Education and Outreach

We aim to broadly disseminate our research to enhance understanding of the ecological and evolutionary impacts of climate change to students and the public.

Education and outreach resources

TrEnCh project logo

TrEnCh-ed

We have created the TrEnCh-ed website including interactive R Shiny applications and associated tutorials to allow students and others interested to explore the ecological and evolutionary impacts of climate change through interacting with data. We offer teaching workshops introducing the resources.

TrEnCh project logo

TrEnCh-ir

Our TrEnCh-ir offers conversion of FLIR images to more useful formats and a gallery of thermal images for research, outreach, and education. The site also includes educational activities using thermal images to visualize how organisms experience their thermal environment.

Our @trenchproject instagram feed includes thermal images exploring the thermal complexity of life. Please get in touch with Lauren if you have images you’d like to contribute or if you’d like to borrow a camera to take images to contribute. If you’d like to contribute, you can either post directly to the account or we’ll provide a Google Drive folder for you to upload images to and we can post on your behalf.

Any images that highlight the thermal complexity of life are a good fit. Examples include landscapes with variations in sun and shade or different types of surfaces. Animals and plants exhibiting thermal variability or in thermally variable landscapes are great. Objects and people are fine too if aligned with the goal of helping students and the public understand why temperatures vary and how that might influence thermal stress and sensitivity to climate change. Any style and length of caption is fine. It is helpful for education purposes to try to describe the thermal variation and why it occurs.

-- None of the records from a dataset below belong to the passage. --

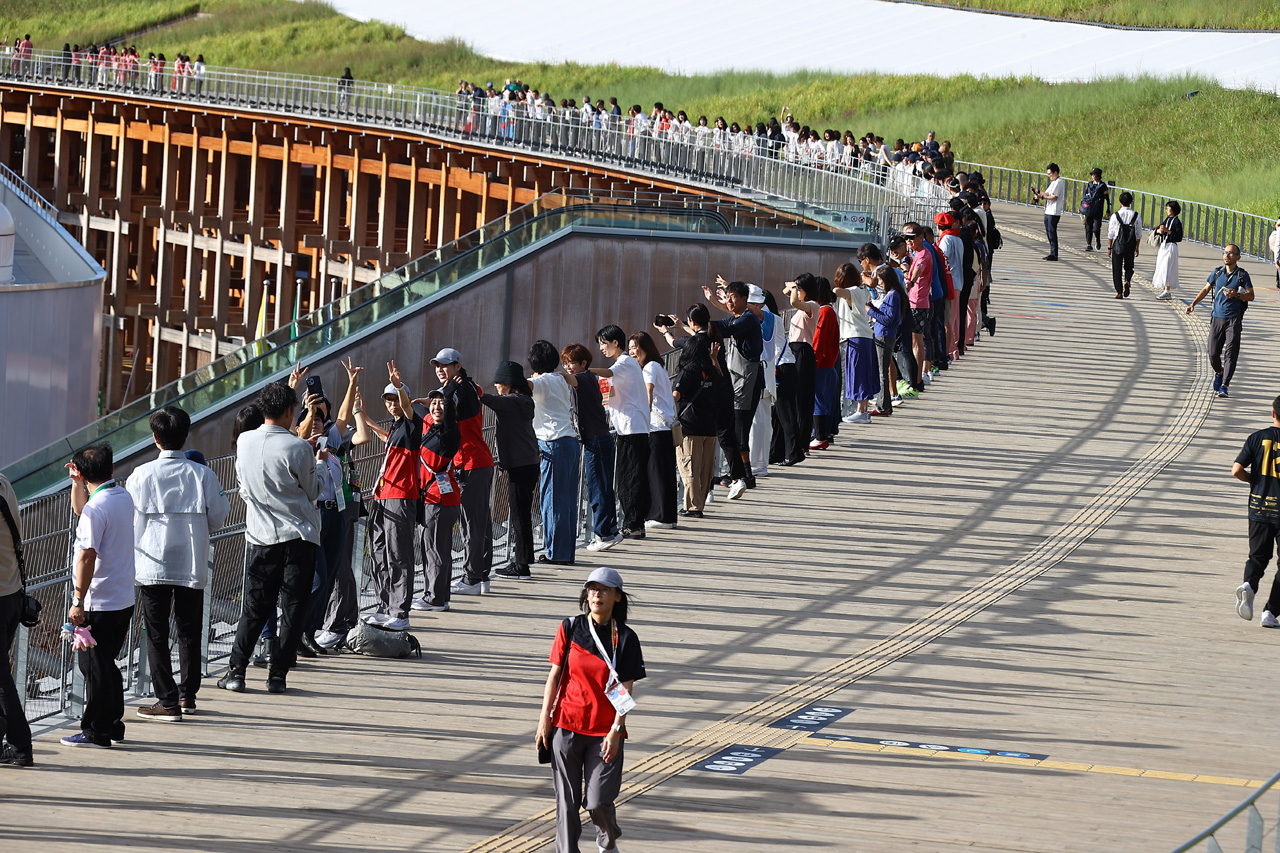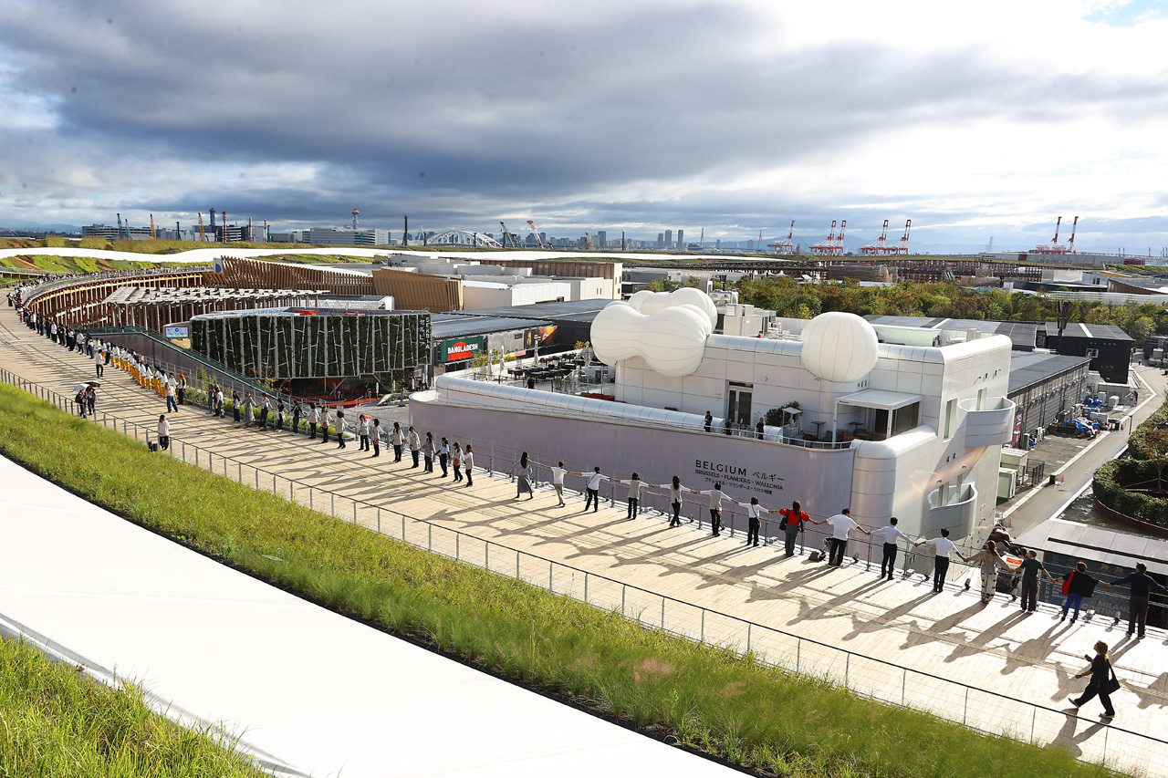 伝統衣装を着用している方や、マスコットなどさまざまな方が大屋根リング上に姿を見せる。そして各々が手を繋いでいき、大屋根リングが人の手つなぎによって1周する光景が完成……とはいかなかったが、スタッフの方たちは思い思いに手を繋いだり、報道各社が空撮しているヘリコプターに手を振ったりと、楽しんでいる様子を見せた。
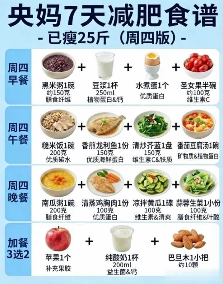 - 加餐(3选2):苹果1个 / 纯酸奶200ml / 巴旦木1小把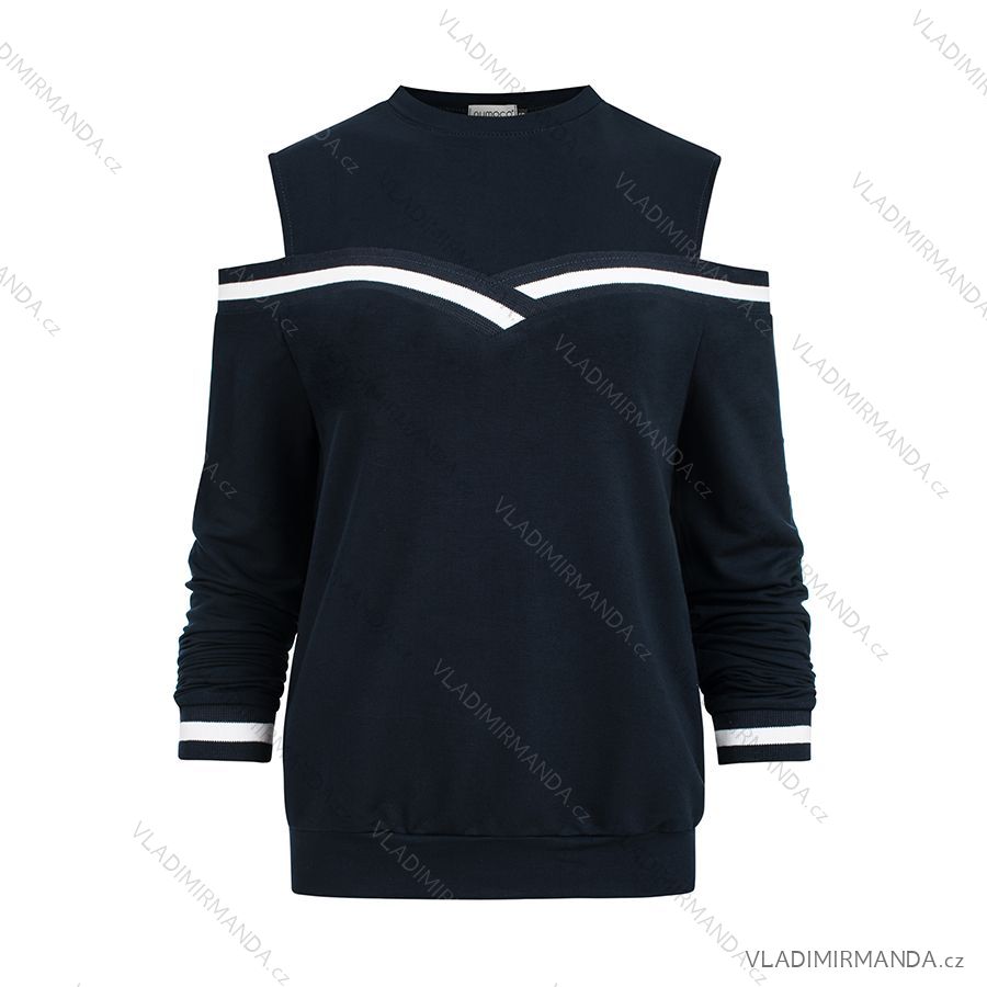 223-1 Bequemes Sweatshirt mit nackten Schultern - Marineblau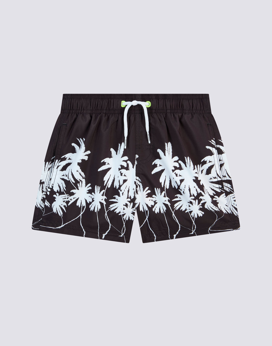 Costume da bagno con coulisse elastica in vita, in leggero tessuto Repreve® riciclato da bottiglie di plastica. Con stampa Black Palm e il tradizionale arcobaleno Sundek sul back. Lunghezza esterno coscia 10.25"/26 cm (in taglia 6anni).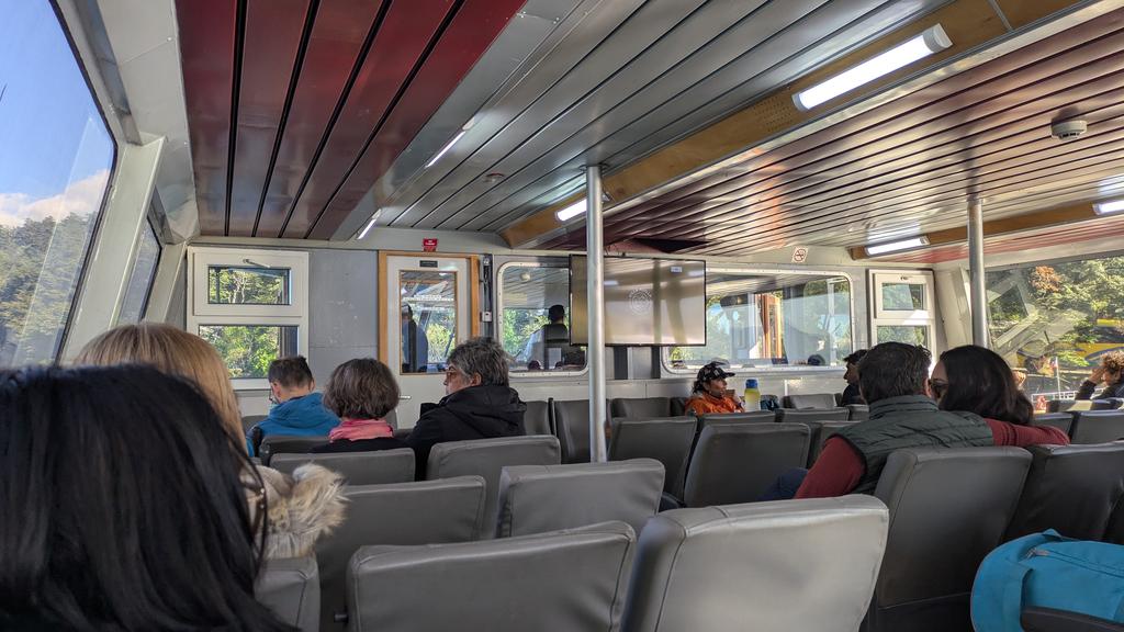 עלינו בקרון הסגור, שנראה היה ישן וחבוט  עם קצת סדקים בחלונות, התמקדנו בצד החיובי של הרכבל, כלומר – הנוף שהיה מרשים למדי. ממש מתחתינו יכולנו לראות שהישוב מגיע עד חצי הדרך של הרכבל וגם ראינו את השביל של הקמצנים שחסכו את עלות הרכבל ועלו ברגל. עלייה שנראית בהחלט קשה ועם פחות נוף כי הולכים חלק מהזמן בין עצים.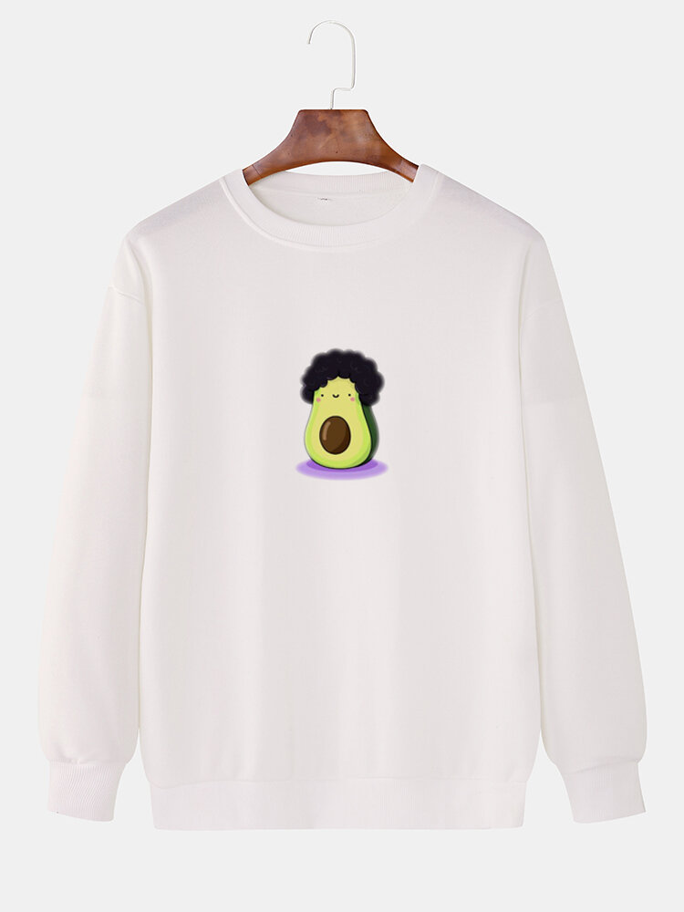 Cartoon Avocado Cute Print Mens Cotton Long Sleeve Casual Sweatshirts – Black M
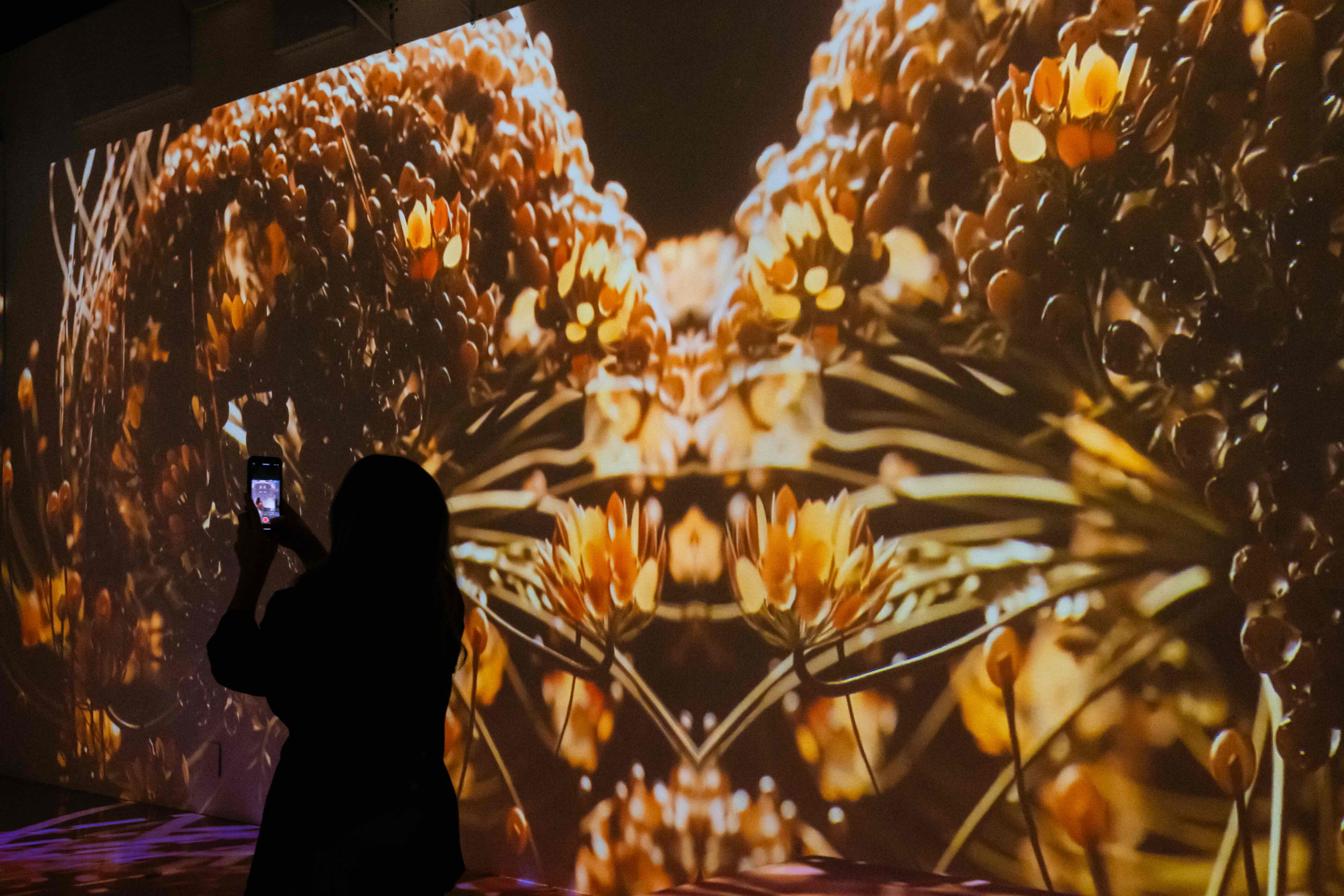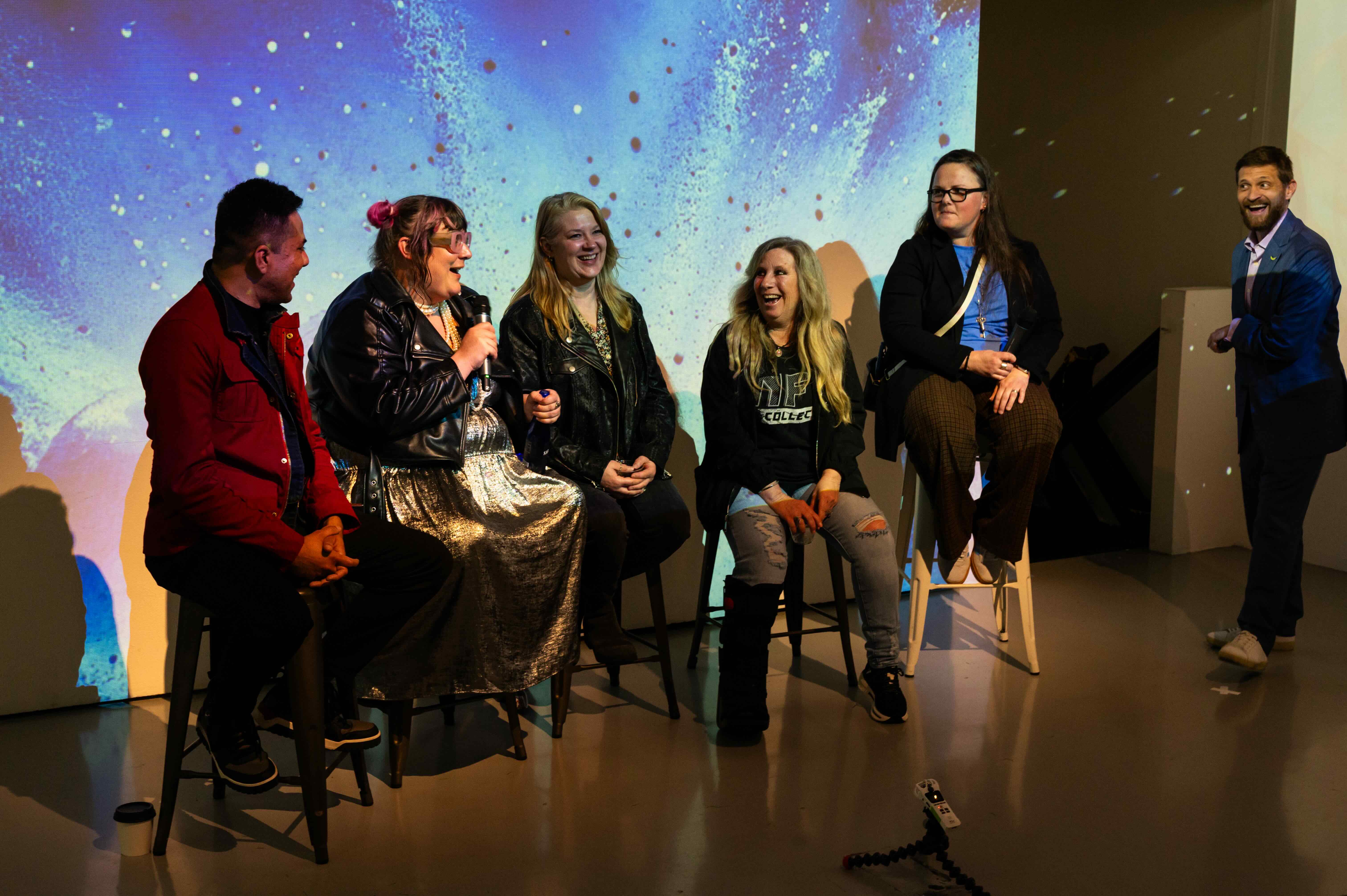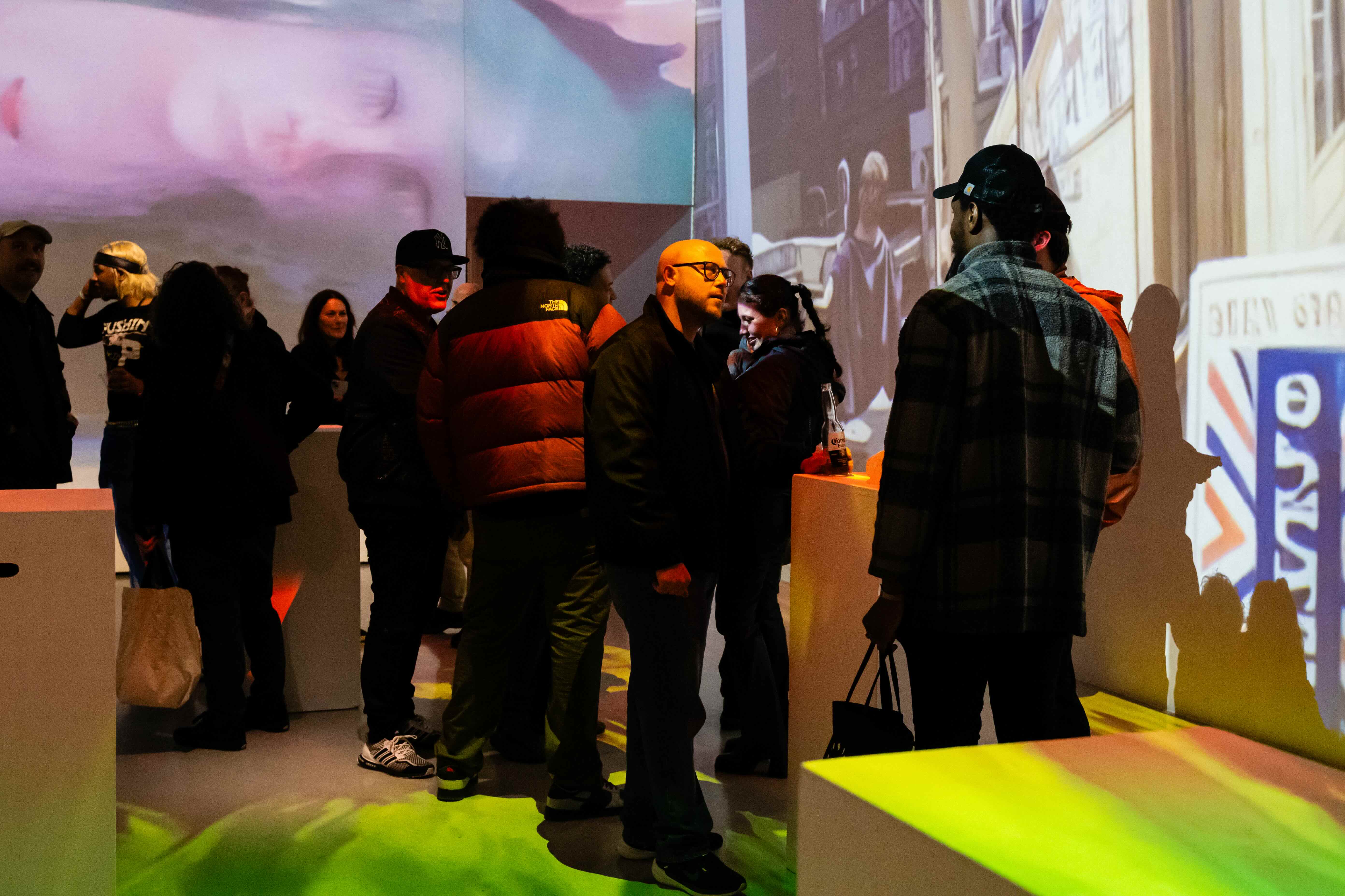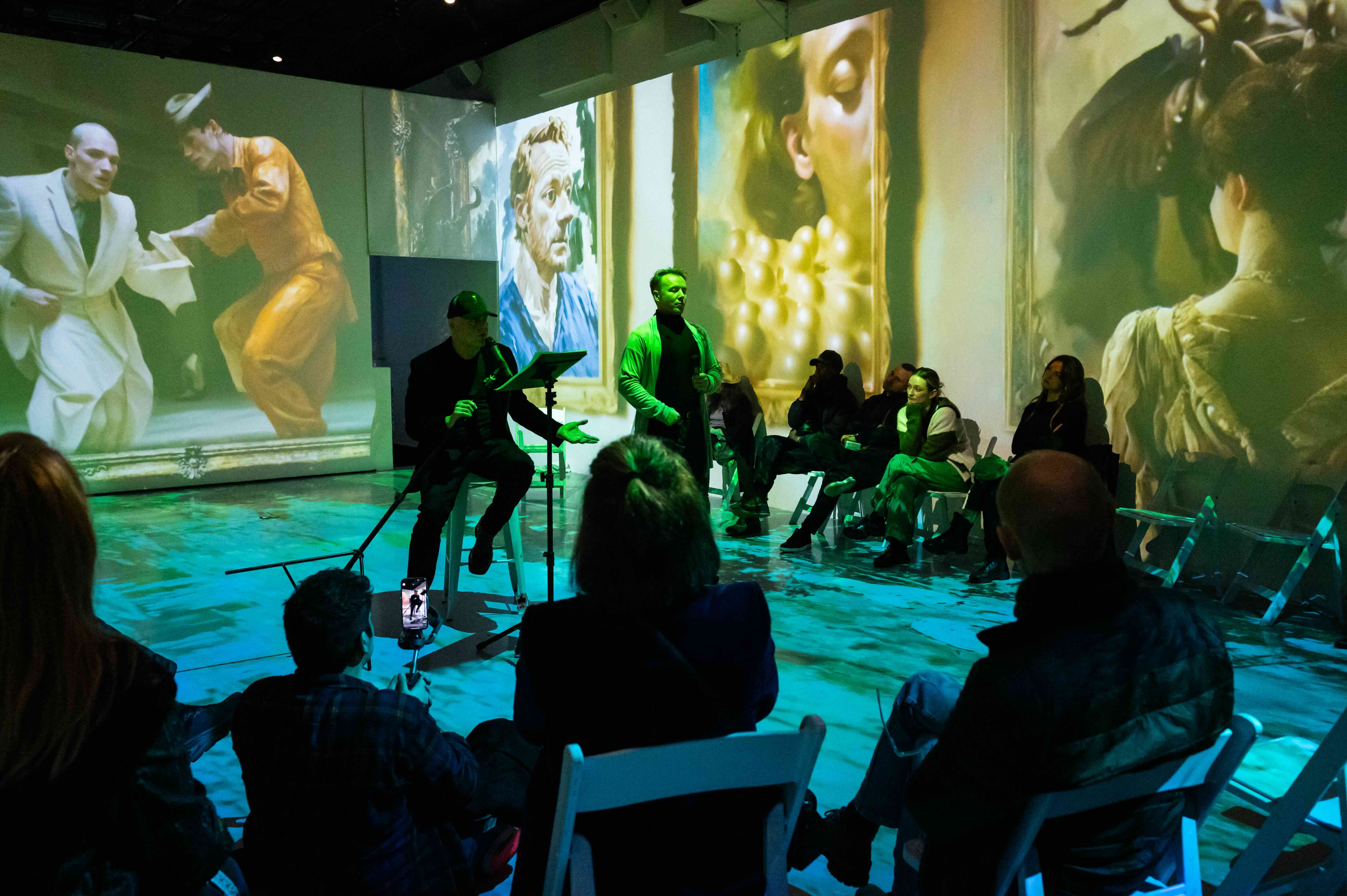 LUME Studios buzzed with energy as the audience gathered. Artists engaged in lively conversations with attendees while their artwork was displayed through projections and large screens.

We’ve taken most of the images using an inexpensive FLIR ONE camera attached to a phone. The camera’s hybrid visual IR images can facilitate interpretation over traditional IR cameras. We’ve also been using FLIR ONEs since we’re much more likely to carry around the small attachment relative to a traditional IR camera. However, images from any IR camera are welcome. We also welcome visual images that can be paired with IR images to aid interpretation.

Biophysical ecology tutorials

We’ve developed a series of tutorials aimed at graduate students interested in biophysical ecology. The tutorials originate from a 1979 course at UW entitled “Physical Prcoesses in Ecosystems” and Mike Kearney, U Melbourne, contributed additional tutorials. The tutorials align with the TrenchR package.

Undergraduate course resources

Professor Buckley teaches a course in Physiological Ecology and Evolution as well as a course in Climate Change Biology. We aim to collaborative develop course resources.